I recently put together what is basically a small UPS. It’s simple, made up of three diodes and some resistors, and lets you trickle charge a battery while power something and then seamlessly switch to the battery if the power source goes out.

This was actually built just for charging a small lithium iron phosphate (LiFEPO4) battery from a car cigarette lighter plug while power something, but it could be used for a lot of things. Here’s the schematic:

The schematic of the Diode-OR UPS.  It shows the positive connection from a power source, Vin+, connecting to the positive connection of an output, Vo+, through diode D1.  The positive connection of a battery, B1, also connects to Vo+, through diode D2.  Vin+ also connects to the positive of B1 through diode D3 and resistor R1.

Basically, current can flow from the input to the output (Vin to Vo) through D1, or from the battery to the output through D2. If power is present, the battery can be charged through D3 and R1 – R1 sets the current, based on the voltage difference between the source and the battery, and the forward drop in D3.

This type of circuit is great because it’s simple, and it accomplishes a lot of what you’d like: it lets a source power something and trickle charge a battery, and switches the load to the battery if the source drops. It’s passive, and should just work. On the other hand, the battery is being passively charged, and it kind of relies on the voltage of the source to regulate it. There’s also the diode drops, which for a Schottky diode is around 0.4 V. For a normal silicon diode, it would be higher, around 0.7 V.

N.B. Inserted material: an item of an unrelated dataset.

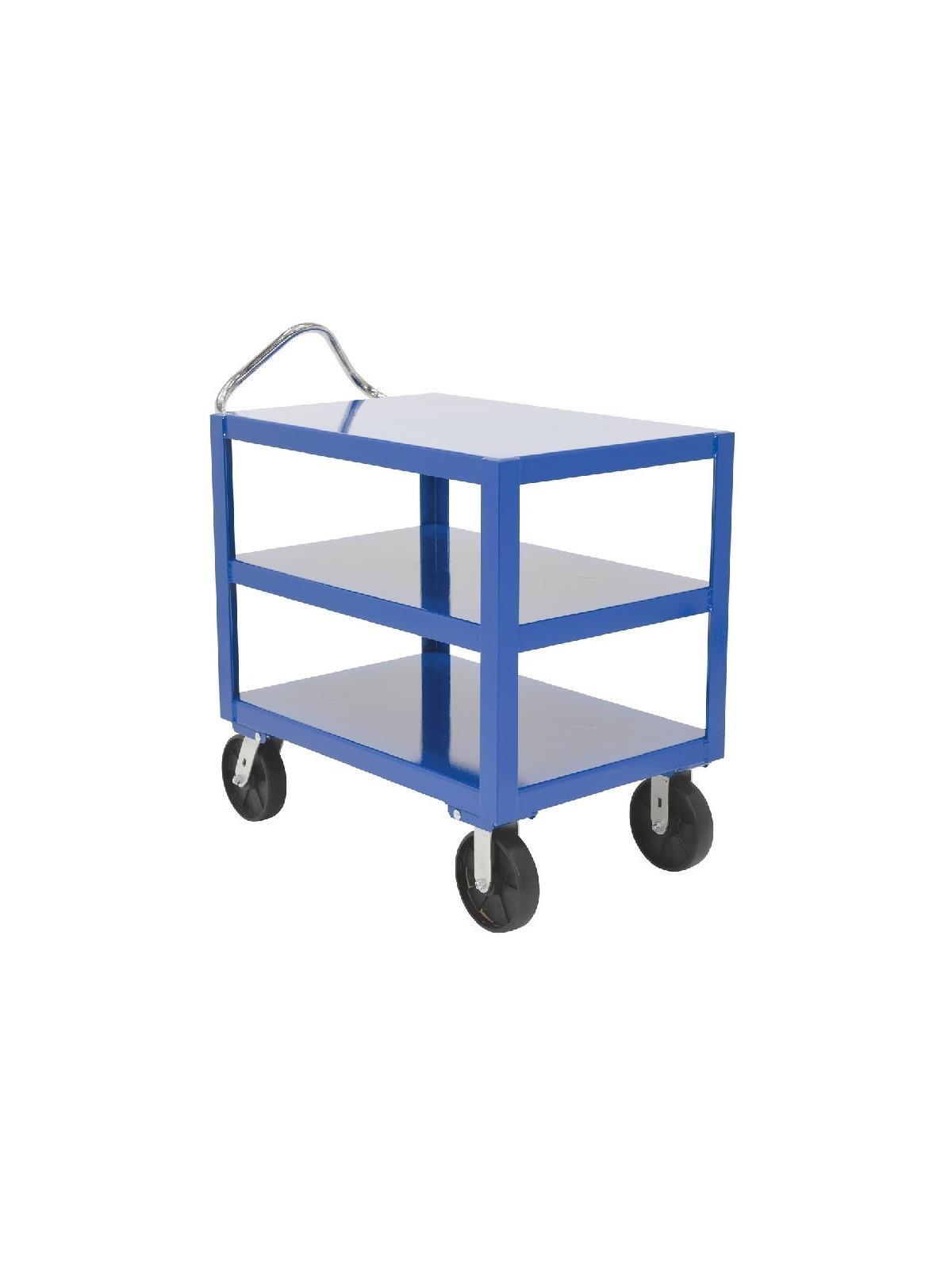 Constructed of heavy-duty steel to handle uniform loads up to 4,000 pounds. The patented ergonomic handle decreases fatigue by allowing the operator to easily maneuver the cart. Handle can be inverted for individual height comfort. Rolls on 8" x 2" casters, two (2) rigid and two (2) swivel with roller bearings. Many caster styles to choose from. Additional sizes available.  FOB Shipping Point.

You could improve this with an ideal diode circuit, where you could basically control a MOSFET in place of each diode to turn on and off when the diode would. This is more complex, but you almost eliminate the diode drop. If you needed something like this to handle more than a few amps, that’s probably not a bad idea.

Another option, and probably the ideal one, is to use a power converter, at least to charge the battery. A non-inverting buck-boost converter would do this, and allow you to control the charging current regardless of the voltage of the source and B1. You could have it do a proper charge of the battery, bulk/absorb/float for lead acid, or bulk/absorb for LiFEPO4 (or whatever scheme that battery chemistry calls for). A fancier converter (or converters) might supply a constant voltage to the load at the same time.

Still, for something small, the simplicity here is nice. It could work well for something like holding up a Raspberry Pi or other single board computer, for instance. One thing to note is that most diodes in a TO-220 or TO-240 or similar case often are not electrically isolated. You can get a heat sink with an electrically insulating thermal pad; I have one I garbage picked a while back.

Here is what the circuit looks like, assembled:

The circuit shown in the schematic, wired together by soldering bits of Romex wire to the components.

I put it in a heat sink and attached some leads with Anderson Powerpole connectors, like the following:

Note that I did alter the resistors to get a little more charging current. The pictures show two 2.2 ohm resistors in parallel (for 1.1 ohms), but I added two 0.9 ohm resistors in parallel as well, for about 0.32 ohms total. The diodes have about a 0.6 V drop under load, so from my car I was able to get around 1.75 amps into a LiFEPO4 battery, while the car is running. This will vary a little, and keep in mind that if your battery is at a lower state of charge you’ll get more current initially.